I don’t know about you, but to me the list of side effects from taking Tamoxifen just seems to keep on racking up and up.
Up until now I’ve avoided reading the list of POTENTIAL side effects on the packet, for fear of attributing every ache, pain and niggle to it, but it’s time to have a proper look.
Tamoxifen and Anxiety
Anxiety, and depression, is given as a side effect on the leaflet of my packet, but I’m not at all clear what normal anxiety is, which may sound a bit loopy. The trouble is that after breast cancer there is stuff to worry about. Fears about recurrence, problems with the medication, fears about it popping up somewhere else. EEK.
I’ve also read about tamoxifen takers experiencing panic attacks – which is different to a general feeling of anxiety.
Right now my womb is being looked into and so I’m on tenterhooks whilst all that’s happening. So is the churning in my stomach and the mild panic attacks over really inconsequential rubbish could be happening because of that, or is the anxiety genuinely out of proportion to the problem, and merely a chemical manifestation of the Tamoxifen? Who knows.
However, if you are dealing with anxiety, it can be useful to understand that it might arise from the Tamoxifen. If the anxiety is not your fault, or out of your control, this means you can stop beating yourself up and trying to resolve it from within, and focus your energy on just dealing with the side effect, because you’re off the hook as far as being the cause goes.
Is The Anxiety Due To A Menopausal ‘Side Effect’ Caused By Taking Tamoxifen?
Another suggestion is that the anxiety is a hormonal, menopausal type response. In other words, taking Tamoxifen creates a menopausal situation in your body, and any anxiety is due to the menopause.

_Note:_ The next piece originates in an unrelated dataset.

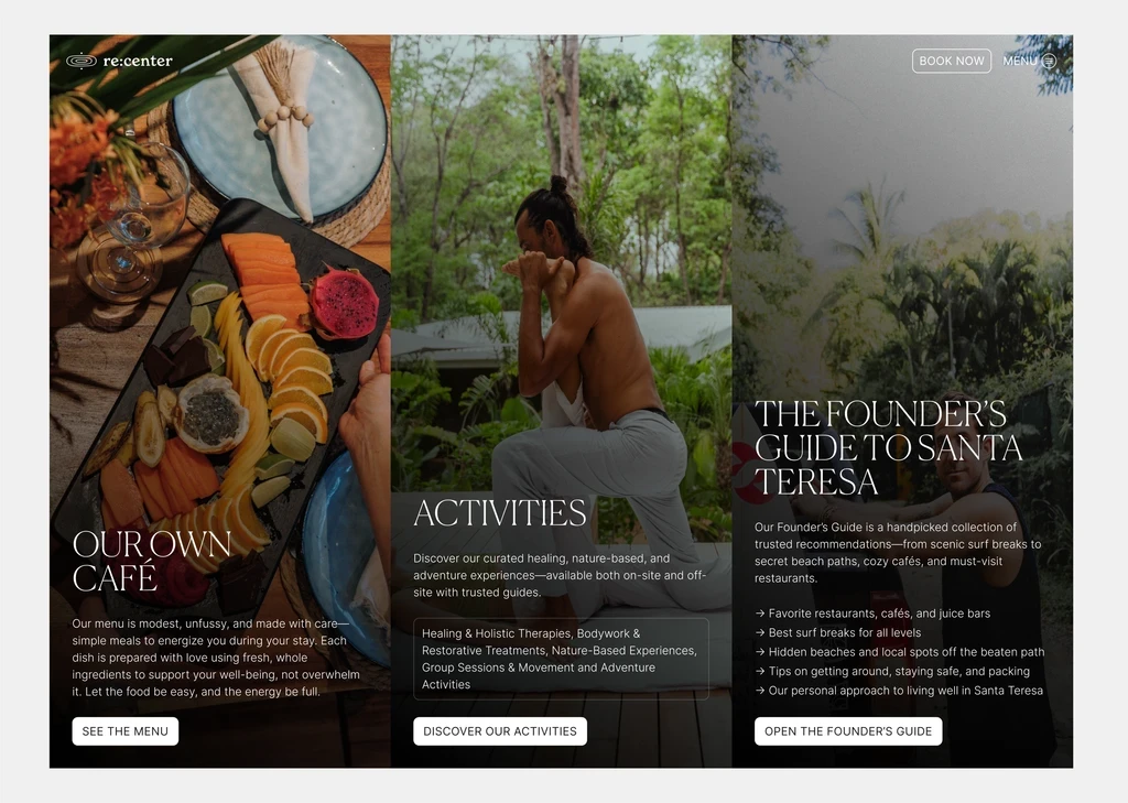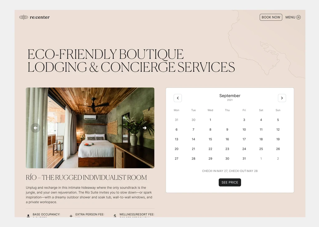 Re:center is a luxury retreat designed for modern travelers, offering seven unique room types and a cutting-edge wellness club. Guests can enjoy chef-crafted, healthy meals and have their stay personalized by a dedicated concierge team. The retreat focuses on intentional details to provide a restorative and rejuvenating experience.

However, do be careful if you decide to take stuff to help, because many of the supplements to help with the effects of the menopause are contraindicated for anyone taking tamoxifen.
Do Doctors And Onco’s Acknowledge A Link Between Tamoxifen And Anxiety?
Doctors are still people and so have differing opinions and prejudices. When I asked my pharmacist if Tamoxifen was linked to anxiety she told me a definite NO. When a new chemist shop opened in our village and I went to pick up my prescription, that pharmacist told me it was a well known side effect.
Whilst some patients report their doctor immediately made the link between Tamoxifen and anxiety, others were told it didn’t exist and sent away. Given the subjective nature of anxiety, this is perhaps understandable, although it doesn’t help much when you’re trying to deal with it.
What Could Anxiety Due To Tamoxifen Feel Like?
- Over-reacting to minor disturbances or being easily startled. I believe this can sneak up on you and you may need to delve deep and think back to before all of this started. If you are jumping out of your skin just because the dog barks or the kids are shouting, would you have reacted like that before?
- A churning of adrenalin which won’t subside
- Heart palpitations
- Feeling light headed and dizzy
- Muscle aches and pains
- Feeling too hot or cold
- A sense of foreboding – there’s something wrong@! But goodness knows what.
- Worrying about trivia. By trivia I mean things like the bank wrongly applying charges to your account. It’s usually sorted out, it’s a part of life and shouldn’t induce fear or mild panic.
Basically – are you sweating the small stuff?
Unfortunately there doesn’t appear to be a definitive answer about how to distinguish justified anxiety, which understandably takes over from time to time, from a tamoxifen induced anxiety. Neither is there a clear solution, although the following ideas did come up in my research:
- Take the tamoxifen at night so that some of the symptoms have dissipated by the morning
- Take 1mg of Diazepam to relieve the symptoms of anxiety
- Lexapro, Effexor and Celexa are antidepressant type drugs which can be taken with Tamoxifen. There were a number of posters on the forums who reported Lexapro helped them
- Rescue Remedy is one of the Bach Flower Remedies. This particular one is for comfort and reassurance and there’s also a night-time formula
- Split the dose in two and take it in the morning and the evening, instead of all in one go.
- See a Healer or Reiki therapist to help you deal with any negative energy which could, apparently, make it difficult for the positive thoughts to penetrate
- Use candles (not like that!). Turn off the lights, light some candles and have a long soak in the bath, or relax in bed. A glass or two of wine helps as well, but the soothing light of the candles are the key.
- Relax your muscles, especially around the eyes. This isn’t as easy as it sounds because tense muscles is a habit which needs to be reformed into relaxed muscles. Eye muscles use loads of energy which makes the effort of relaxing worthwhile – if you get my drift.
WARNING: The above is not medical advice and you should always check with your doctor before you do any of these. If your doctor is prescribing something to help you with the anxiety, do remind them that you’re taking tamoxifen.